─── RECORDS PROVIDED ───

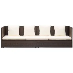 Le transat a un cadre en acier enduit de poudre qui est recouvert de rotin PE résistant aux intempéries et facile à nettoyer. Le coussin de siège et les oreillers très épais offrent un confort optimal. La housse de coussin de siège est équipée d’une fermeture à glissière pour un nettoyage facile. De plus, le lit de bronzage peut être ajusté en 7 positions différentes des deux côtés pour créer des sièges supplémentaires ou une position confortable pour vous détendre.
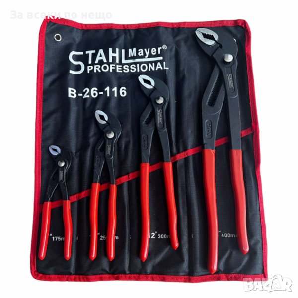Комплект клещи гарги STAHLMAYER се състои от 4 инструмента с дължина съответно 175/250/300/400 мм. Положението на челюстта се регулира с бутон, който осигурява фина настройка за оптимално адаптиране към детайли. Изработени са от хром-ванадиева стомана. Разполагат с неплъзгащи се пластмасови дръжки. Доставят се в полиестерен калъф.
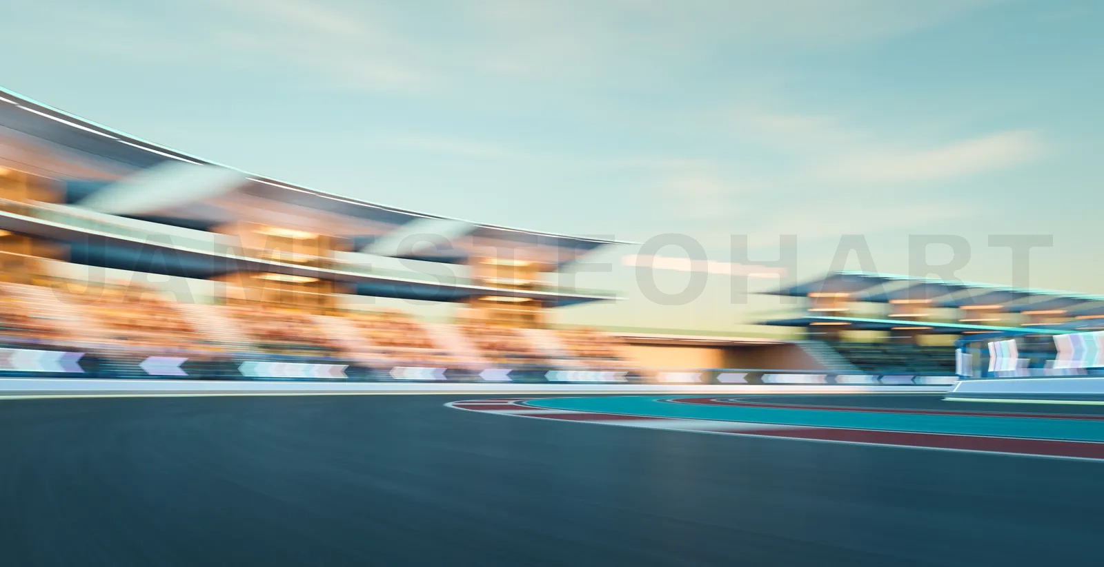 3d rendering racing concept of morning scene futuristic racetrack with neon sign light decoration
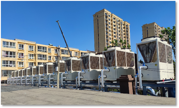 因此,受益于国家“双碳”政策的推动与产品本身的优势,空气能供暖设备得到了更广泛的应用,医院、酒店、学校、住宅等领域节能改造项目增多,位于河北唐山丰南区小区和稻地镇小区,也积极响应国家清洁能源采暖号召,选用3044永利空气能热泵作为采暖制冷设备,满足小区内住户的生活需求。
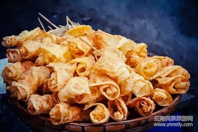 云南十八怪之“牛奶做成片片賣”,講的就是這乳扇,它是一種薄片狀的特質(zhì)干酪,因形狀如菱角狀竹扇之形而得名??局频娜樯韧ǔ尤朊倒遽u、蜂蜜等調(diào)味,濃郁的奶香與花香在口中酸甜回旋,一定要趁熱吃才能感受到奶皮的香酥口感。
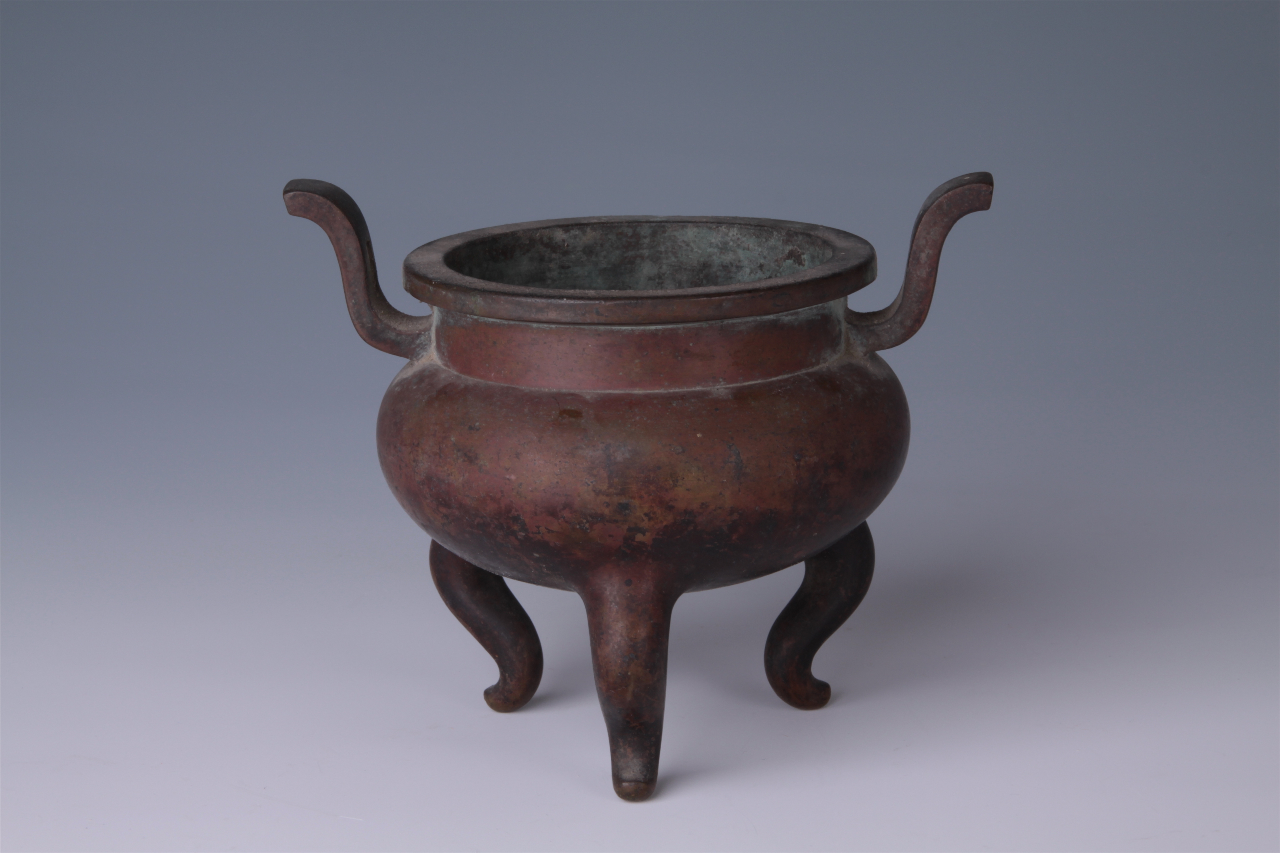 该炉外观简单,仅颈部双耳做法有些夸张,超过口沿较多,与下部三足构成上下平衡。器物表面为素面,无任何刻意装饰因素,整体上表现为简单、朴实、稳重,应是清代早期宣德炉仿品中的佳作。
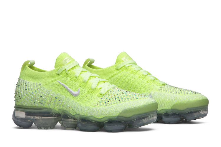 The Nike Air VaporMax FlyKnit 2 LXX Swarovski Volt (Women's) features a lime green FlyKnit upper with ribbed collar detailing for a secure fit. Translucent synthetic overlays provide structure, while...
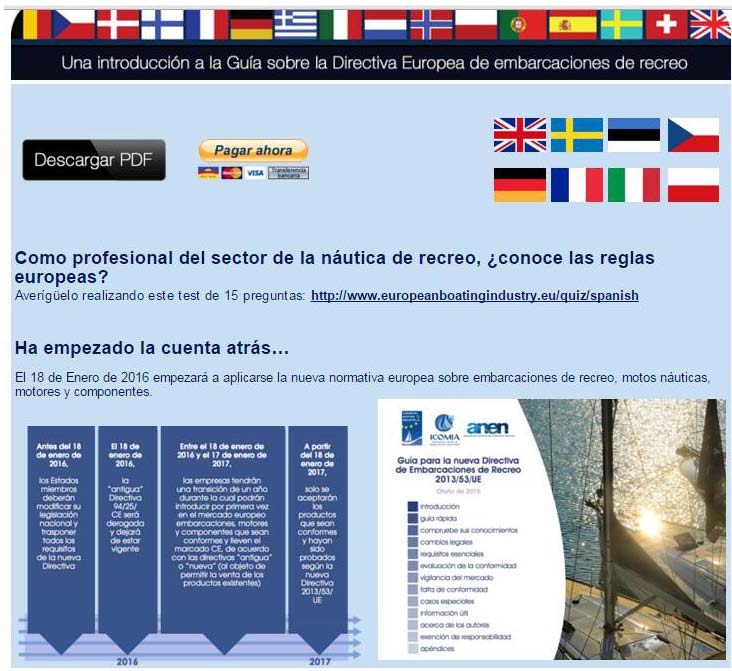 Como ANEN publicó en su día (ver noticia pinchando aquí), para la correcta interpretación de la nueva Directiva 2013/53/UE, EBI (European Boating Industry) e ICOMIA (International Council of Marine Industry Associations) con la colaboración de ANEN, entre otras asociaciones de la náutica europeas, elaboraron la Guía para la interpretación y cumplimiento de los requisitos de la nueva Directiva que se puede descargar en el siguiente enlace: http://www.europeanboatingindustry.eu/appsite/
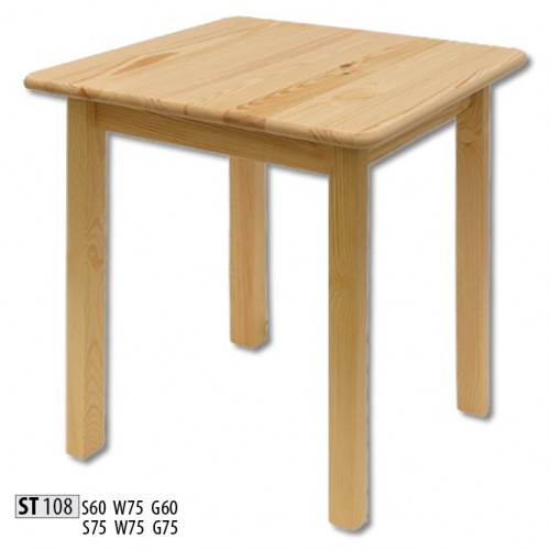Stôl ST108 zo 100% borovicového dreva. Jeho jednoduchý štýl vám dokonale vyhovuje v klasických kuchynských usporiadaniach. Štvorcová,alebo obdĺžniková vrchná doska so zaoblenými rohmi, k dispozícii v dvoch veľkostiach.Pre 4 osoby.
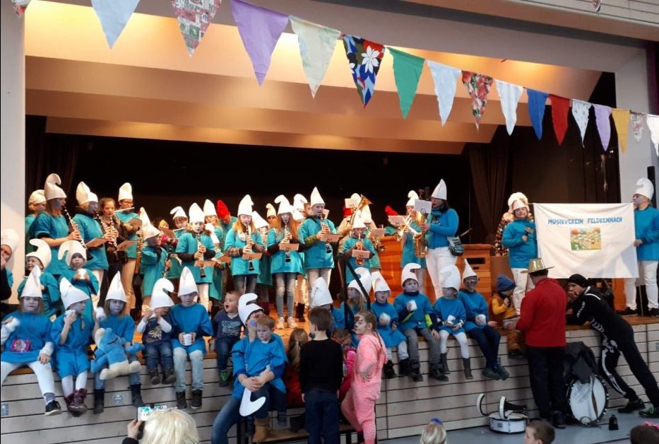Der Startschuss für den Umzug fiel und somit spielten die Jungmusiker auch ihr erstes Musikstück. Das Repertoire hat sich im Laufe der Jahre stets erweitert. Auf Wunsch einiger großer Schlümpfe kam das Stück „Babylon“ hinzu. Und natürlich durfte auch das „Lied der Schlümpfe“ nicht fehlen. So tanzten alle Narren begeistert am Straßenrand zur schwungvollen Faschingsmusik. Zum Abschluss trafen sich alle Narren in der Dennacher Turnhalle. Auch hier durften die Rennicher Schlümpfe ihre beliebtesten Hits präsentieren.

───

Reproduce the data word for word; no pictures.

EXPECTED OUTPUT:
 Le transat a un cadre en acier enduit de poudre qui est recouvert de rotin PE résistant aux intempéries et facile à nettoyer. Le coussin de siège et les oreillers très épais offrent un confort optimal. La housse de coussin de siège est équipée d’une fermeture à glissière pour un nettoyage facile. De plus, le lit de bronzage peut être ajusté en 7 positions différentes des deux côtés pour créer des sièges supplémentaires ou une position confortable pour vous détendre.
Комплект клещи гарги STAHLMAYER се състои от 4 инструмента с дължина съответно 175/250/300/400 мм. Положението на челюстта се регулира с бутон, който осигурява фина настройка за оптимално адаптиране към детайли. Изработени са от хром-ванадиева стомана. Разполагат с неплъзгащи се пластмасови дръжки. Доставят се в полиестерен калъф.
 3d rendering racing concept of morning scene futuristic racetrack with neon sign light decoration
 因此,受益于国家“双碳”政策的推动与产品本身的优势,空气能供暖设备得到了更广泛的应用,医院、酒店、学校、住宅等领域节能改造项目增多,位于河北唐山丰南区小区和稻地镇小区,也积极响应国家清洁能源采暖号召,选用3044永利空气能热泵作为采暖制冷设备,满足小区内住户的生活需求。
 云南十八怪之“牛奶做成片片賣”,講的就是這乳扇,它是一種薄片狀的特質(zhì)干酪,因形狀如菱角狀竹扇之形而得名??局频娜樯韧ǔ尤朊倒遽u、蜂蜜等調(diào)味,濃郁的奶香與花香在口中酸甜回旋,一定要趁熱吃才能感受到奶皮的香酥口感。
 该炉外观简单,仅颈部双耳做法有些夸张,超过口沿较多,与下部三足构成上下平衡。器物表面为素面,无任何刻意装饰因素,整体上表现为简单、朴实、稳重,应是清代早期宣德炉仿品中的佳作。
 The Nike Air VaporMax FlyKnit 2 LXX Swarovski Volt (Women's) features a lime green FlyKnit upper with ribbed collar detailing for a secure fit. Translucent synthetic overlays provide structure, while...
 Como ANEN publicó en su día (ver noticia pinchando aquí), para la correcta interpretación de la nueva Directiva 2013/53/UE, EBI (European Boating Industry) e ICOMIA (International Council of Marine Industry Associations) con la colaboración de ANEN, entre otras asociaciones de la náutica europeas, elaboraron la Guía para la interpretación y cumplimiento de los requisitos de la nueva Directiva que se puede descargar en el siguiente enlace: http://www.europeanboatingindustry.eu/appsite/
Stôl ST108 zo 100% borovicového dreva. Jeho jednoduchý štýl vám dokonale vyhovuje v klasických kuchynských usporiadaniach. Štvorcová,alebo obdĺžniková vrchná doska so zaoblenými rohmi, k dispozícii v dvoch veľkostiach.Pre 4 osoby.
Der Startschuss für den Umzug fiel und somit spielten die Jungmusiker auch ihr erstes Musikstück. Das Repertoire hat sich im Laufe der Jahre stets erweitert. Auf Wunsch einiger großer Schlümpfe kam das Stück „Babylon“ hinzu. Und natürlich durfte auch das „Lied der Schlümpfe“ nicht fehlen. So tanzten alle Narren begeistert am Straßenrand zur schwungvollen Faschingsmusik. Zum Abschluss trafen sich alle Narren in der Dennacher Turnhalle. Auch hier durften die Rennicher Schlümpfe ihre beliebtesten Hits präsentieren.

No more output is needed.